Бросил взгляд на меня. Я вытаращил глаза, призывая его взять себя в руки, перестать мямлить. Студент собрался.
— Чего тебе? — сурово спросил шеф.
Мимо Фонтона не прошла эта короткая сценка. Я готов был поклясться, что он, спрашивая, еле скрыл улыбку и суровый тон напустил для виду.
— Прошу вас, — Дмитрий выпрямился, убрал дрожь в голосе, — разрешить мне сопровождать господина поручика в его поездке!
— Чтооооо? — гаркнул Фонтон.
Дмитрий был на грани падения в обморок. Но я-то видел, как шеф бросил короткий взгляд на меня. В его глазах плясали веселые чертики.
«Развлечься решил! — был я убеждён. — На вшивость проверяет студента. Просит подыграть!»
— Твоя идея, поручик? — гремел шеф.
— Никак нет! Дмитрий сам изъявил желание! Горит, так сказать, жаждой подвига во имя Отечества!
— Он на женщине пусть горит! — Фонтон незаметно показал мне кулак, призывая его не смешить. — А я тут без него, как без рук!
— Феликс Петрович, так это ненадолго, — Дмитрий покрылся пунцом после слов о его незаменимости. — А дела все в порядке. К англичанам еще не скоро. А дело Косты важное, ведь? Так лишняя пара рук и глаз… И греки… Там же одни греки в Адрианополе.
— Так, ведь не только важное, но и опасное? — Фонтон взглядом и проникновенным тоном выдал подлинный МХАТ. — А, если струсишь? Это же тебе не с бумагами шастать! Это, брат, дело страсть как страшное!
— Честью клянусь, не подведу. Не струшу, Феликс Петрович!
— Да?
— Да!
Фонтон «задумался».
— Ладно. Беги оформляй проездные. И на себя тоже!
— Феликс Петрович! — Дмитрий был готов броситься с обнимашками.
— Потом благодарить будешь. Когда вернёшься. И в глаза мне сможешь посмотреть без стыда и страха!
Эка Феликса «Качалова» понесло!
— Марш! Марш!
— Бахадуру проездные паспорта выправь! — только и успел я крикнуть ему в спину.
Дмитрий выбежал пулей. Едва дождавшись момента, когда затихли его шаги, мы с Фонтоном сложились пополам. Долго смеялись.
— Правильно вы решили, Феликс Петрович! — сказал я, утирая слёзы. — Это ему сейчас необходимо.
— Да, знаю, знаю, — вздохнул Фонтон. — Сам вижу, что совсем закис наш студент. Он после ваших эскапад с похищением, кровь-то распробовал. А с тех пор только кашкой и питается. Пусть развеется. Но ты, смотри, присматривай за ним. Парень умный. Нужен он мне.
— Феликс Петрович, начистоту?
— Ну, давай! — хмыкнул Фонтон.
— Если умный и нужен, что ж вы его мальчиком на побегушках? Да еще до сих пор в 14-ом ранге сидит?

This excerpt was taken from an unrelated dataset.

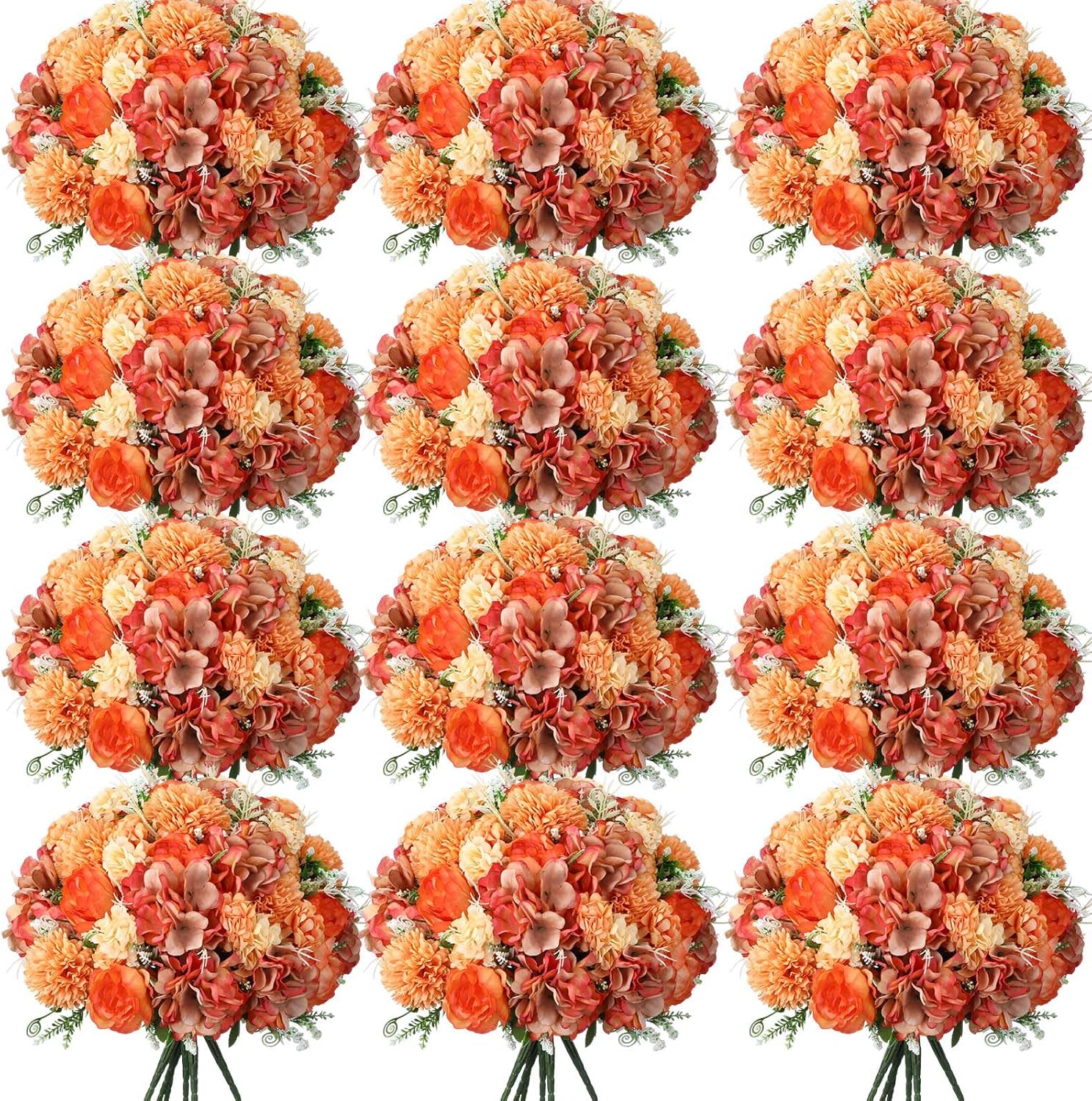 - Attractive Appearance: the fake flowers bouquet is shaped with bright orange peonies, embellished with green leaves, vivid and beautiful, designed with 7 flower heads as a bundle, including hydrangea, peony and more, bushy and vibrant, which will be favored by most people

— Так, мямля же! Ходит, страдает, а молчит! Это же ты его надоумил?
— Врать не буду. Я.
— А мне нужно, чтобы он сам!
— Поэтому сцену устроили?
— Ну, да. Честно говоря, думал, опять сорвётся. Не пойдёт до конца. Но ничего. Дрожал, но удержался. Голосом окреп. Так, глядишь, скоро из юнкеров в воины перешагнёт!
— То — верно!
— Ну, ладно! Ты чего дальше?
— Еще одна встреча нужна.
— С лавочником? С Тиграном?
— Феликс Петрович, — я вздохнул, — есть что-то на этом свете, чего вы не знаете?
— Есть! — усмехнулся Фонтон. — Твоя тайна! Но к Тиграну сейчас идти запрещаю. Хватит тебе гоголем разгуливать по Константинополю. Да еще с таким провожатым! Все! Ложитесь на дно. Отсыпайтесь. Отъедайтесь! Вернешься из Адрианополя, тогда и решим.
Я вздохнул.
— Не слышу! — сейчас Фонтон покинул сцену МХАТА и громыхал на полном серьёзе.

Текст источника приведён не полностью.